The Price of Magic
Page 27
“It’s nearly five.”
Senta’s eyes shot open at the sound of Eamon Shrubb’s voice. Her face was still pointed at Baxter’s and she saw that he was looking back at her.
“We’ve been asleep almost eight hours?” he asked.
“So it would appear. I’m no doctor, but I think that bodes well for your future survival. Come along. We can step right across from this room to the train. It can’t be more than ten feet.”
Opening the door, they found the passenger train waiting just where the sorceress said it would be. They crossed the platform and stepped up into the closest entry. Their first-class births were quickly located, two cars up. Eamon Shrubb gave the other two a nod and then slipped through the door of cabin six. Senta led Baxter into cabin seven and pushed him gently back onto the lower of two pull-down bunks.
“Relax,” she told him. “We should be away soon.”
Almost before the words had left her mouth, there was a brisk knock at the door. Senta pulled it open and peered out at two men in police constables’ uniforms. One wore a pentagram in place of a badge, while the other wore the symbol of the power helm, a sort of eight pointed star with cups on each end. It signified that the wearer was a wizard who hunted down rogue magic users. Senta could see that they were both fairly dripping in protective magic.
“Miss Bly,” said the second man. “Come with us please.”
“Sit tight,” she said over her shoulder, before stepping out into the hall.
The first constable led the way and the second followed behind the sorceress. They walked quickly to the end of the car and then stepped out onto the platform. Senta quickly turned and stepped back, so that she faced both men, the three of them forming a triangle.
“You must come with us,” said the constable with the pentagram.
“Pretty confident in yourselves,” Senta remarked.
“We’re third level masters, so there’ll be no…”
“Uuthanum eetarri,” she said, pointing an index finger at each of them.
Both men let out a squeak and then seemed to just turn inside out. Long tails shot out behind them as their necks stretched up and their heads grew thinner, their eyes becoming wider. Parrot-like beaks replaced their mouths. They bent over at the waist, their clothes now turned to feathers. In seconds, each had been transformed into a type of common large Birmisian birds—a conchoraptor. The creatures were fairly common in Port Dechantagne, wandering around neighborhoods and eating pinecones. Both beasts began squawking and raced off in opposite directions.

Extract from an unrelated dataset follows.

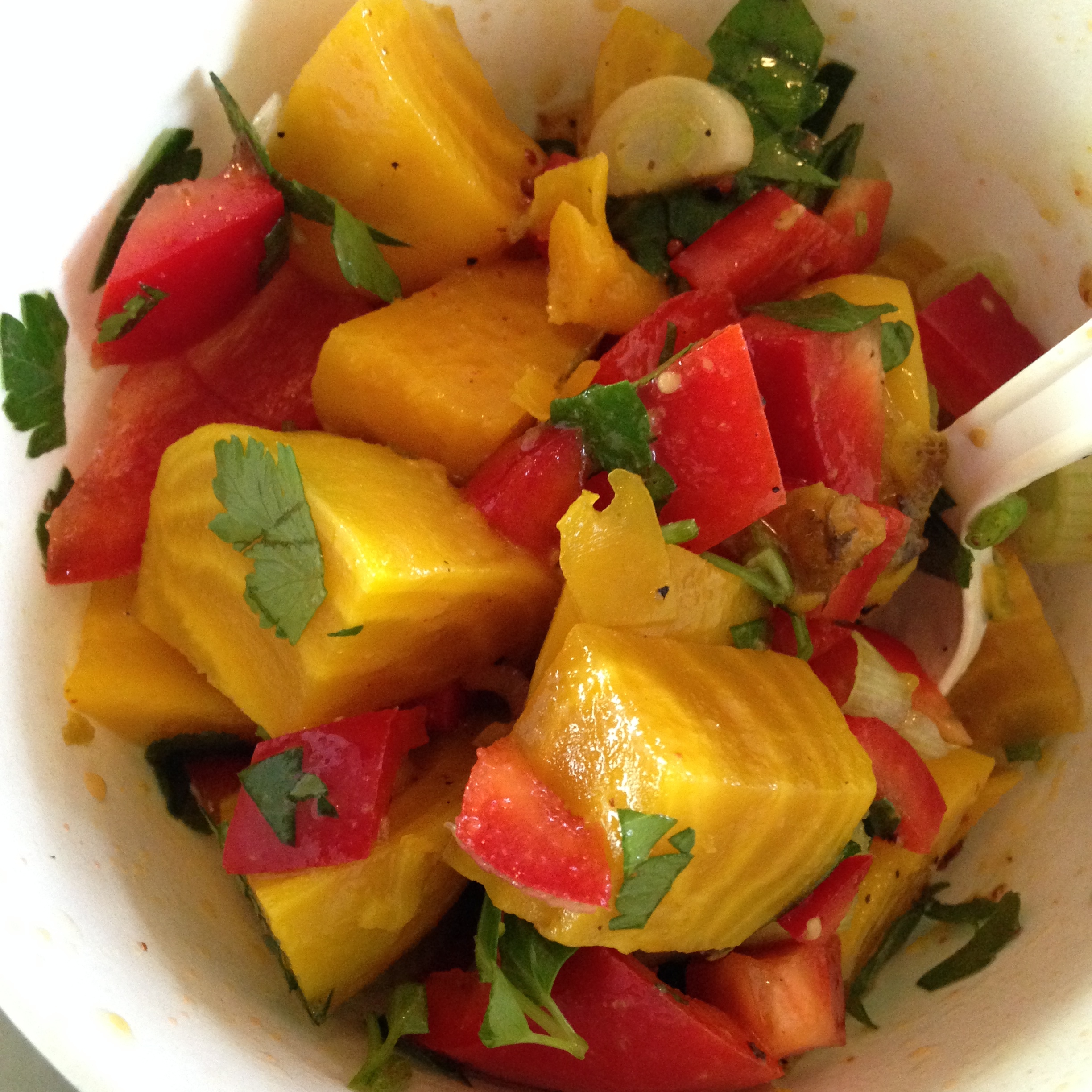 Snack: Golden Beets with red pepper, green onion, and 1/2 avocado.

“Premba uuthanum tachthna,” Senta said, placing her hand against the outside of the train car.
The train lurched forward and then slowly rolled on. Passengers who were still loading luggage or making goodbyes to friends and family, quickly jumped aboard. Senta waited until one car had passed, before grabbing hold of the handrail and stepping up into the open doorway.
Back in cabin seven, she sat down in a chair. Baxter, his head propped up by two pillows, looked questioningly at her. She ignored the look, instead looking in her bag for her book.
“Your daughter is safe, by the way.”
“Oh,” said Senta. “I had forgotten about her. Where is she?”
“I left her with Chief Inspector Colbshallow?”
“Really?” She lifted her nose in the air. “Why?”
“You know why.”
“Maybe you should be chief inspector,” she said, sharply.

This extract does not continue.